Я улыбнулась ему. Он улыбнулся мне. Мир вокруг был большой, пустой и уютно-снежный, как самый приятный из снов в новогоднюю ночь.
Мы еще немного постояли в тишине, думая каждый о своем. А потом, оглядываясь на странно-ровное небо, изобретая способы подманить Овердил еще раз, отправились обратно к нашей стоянке. Йети так и сидели по кругу у тлеющего костра. Ждали.
Берти присоединился к ним: бесшумно устроился у огня и замер, невидяще глядя на пламя, и только слабые отблески пламени плясали по его отрешенному лицу. Две дюжины одиночеств вокруг костра. Небольшая галактика из надежды.
Перед сном, умываясь растопленным снегом, я вдруг снова вспомнила о волшебной пыльце. Но теперь рука, нос, губы — да и вообще вся моя кожа — казались нормальными, без сияния. «Наверное, она осыпалась», — решила я.
Но, как выяснилось несколько позже — нет.
Не осыпалась, а затаилась.
Глава 26. Эффект Овердила
Я проснулась от дикого холода, вся дрожа под шкурой, которую йети оставили мне в качестве одеяла.
Она была такой же белой и густой, как шерсть самих снежных людей, и поначалу я ужаснулась:
— Это не скальп кого-нибудь из ваших, я надеюсь?
— Нет, — сказал Хендрикс, но уточнять не стал.
Не стала и я. На всякий случай.
Тем не менее, сейчас шкура не спасала. Это при том, что я легла спать и в шубе, и в трех парах носков, и даже в перчатках. Не укрытыми оставались только нос и глаза.

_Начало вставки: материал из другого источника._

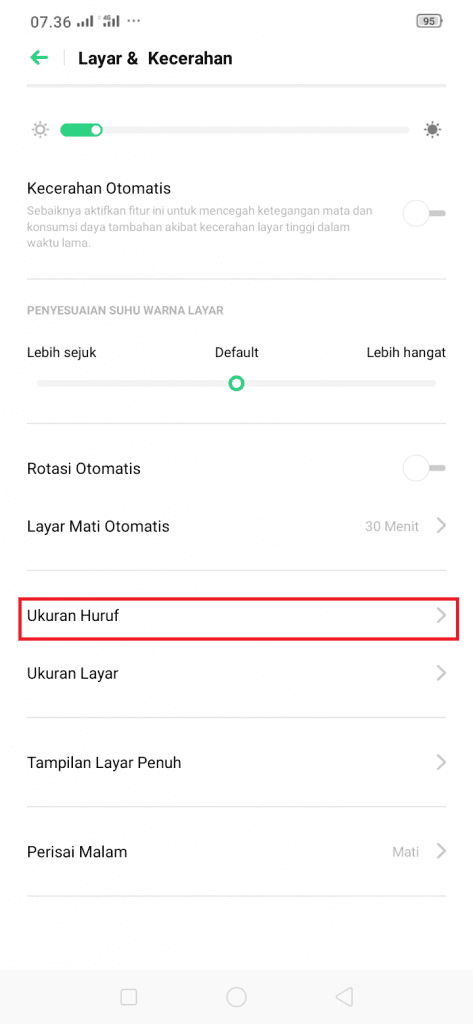 4. Tekan Ukuran Huruf.

Но Берти был прав про зимнюю ночь: температура опустилась так низко, что даже в таком обмундировании и в наглухо запаянном шалаше оказалось до пепла холодно.

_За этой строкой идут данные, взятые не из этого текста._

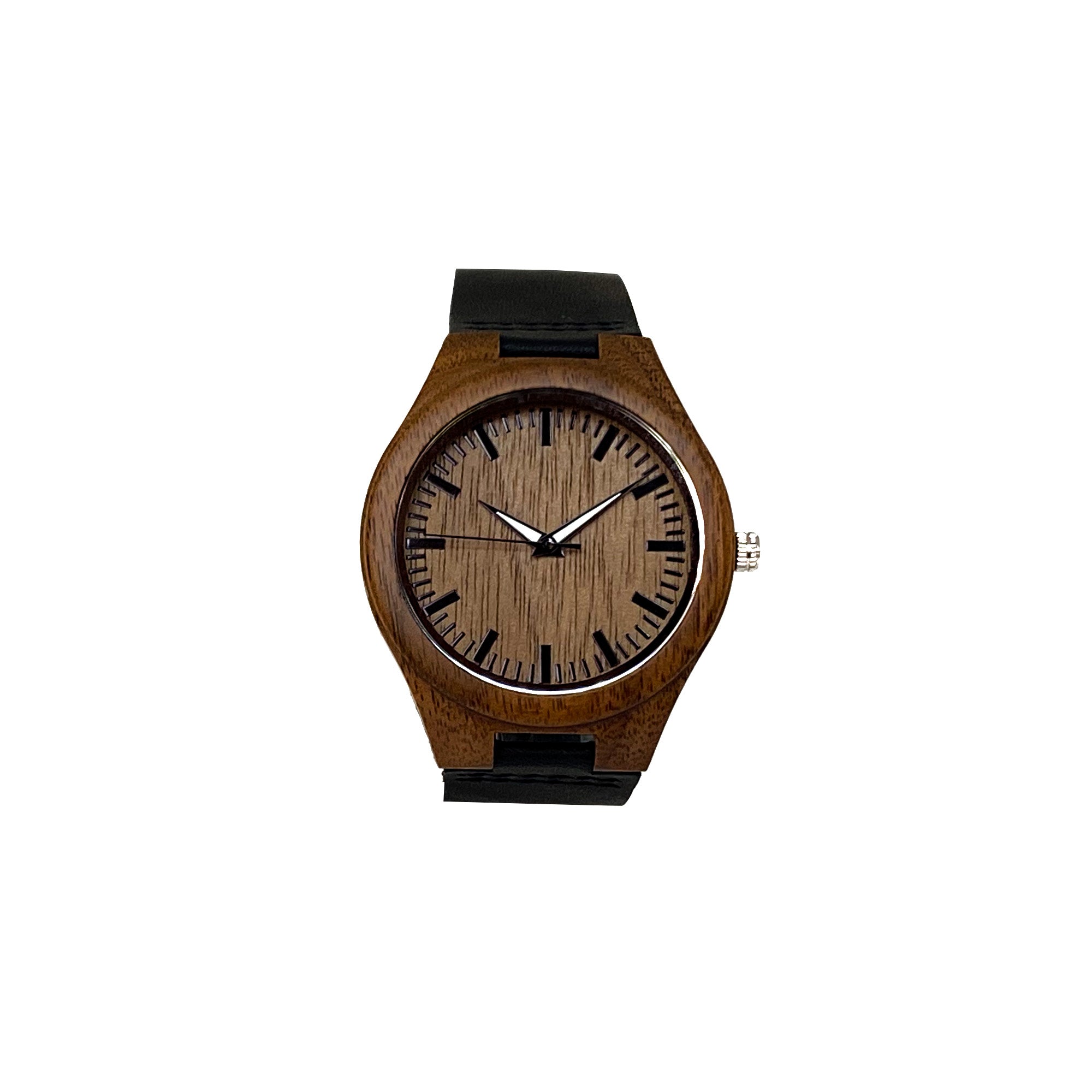 • Reloj de madera natural con pulso de cuero y mecanismo de cuarzo japonés.

У полога стоял сундук с колокольчиками, на нем дрых снуи, раскинув ручки крестом, своим собственным тельцем пряча замок от гипотетических грабителей. Голден-Халла свернулся калачиком поодаль, тоже под шкурой, напоминая внезапно оживший — дышащий и тоже мерзнущий — холмик.
Мне не хотелось будить его, чтобы просить разжечь солнце-костер. Бедолага и так вчера ночью не спал, караулил Травкёра. Но у меня натурально всё онемело от холода. Надо было что-то делать.
Помявшись и помаявшись, припомнив множество книг про поведение героев, которым Вообще Не Жарко, я поржала, представив, что будет, если я нагло решу использовать спящего сыщика в роли грелки.
А потом мне неожиданно подумалось, что это не такая уж и плохая мысль. В смысле, не очень-то вежливая, конечно, но… Иногда так переклинит на какой-нибудь идее, что пока не осуществишь её, покоя не жди! Может, это проклятие — такие моменты. А может, подсказки от подсознания: ибо у самых глупых идей есть привычка трансформироваться в самый волшебный опыт.
В конце концов, на мне штук десять слоев одежды. Это едва ли покажется неприличным.
Поэтому, стуча зубами и сотрясаясь всем телом так, что казалось, я больна чем-то страшным, я на мысочках прошуровала к Голден-Халле и заползла под одеяло к попутчику.
— Ого! — не открывая глаз, отозвался Берти, когда я обхватила его на манер ленивца — руками и ногами сразу. — Вот это поворот!
— Спи-спи, — буркнула я. — Это не поворот, а жизненная необходимость! — и, угрожающе, — Я доверяю тебе, Голден-Халла.
— Хорошо! — рассмеялся Берти, повернулся и крепко обнял меня в ответ.
Вот и чудненько.
Я мысленно пробежалась по своему телу с проверкой, чтобы убедиться: все запчасти укутаны и будут согреты. Проблема возникла только с носом — очевидно ледяным.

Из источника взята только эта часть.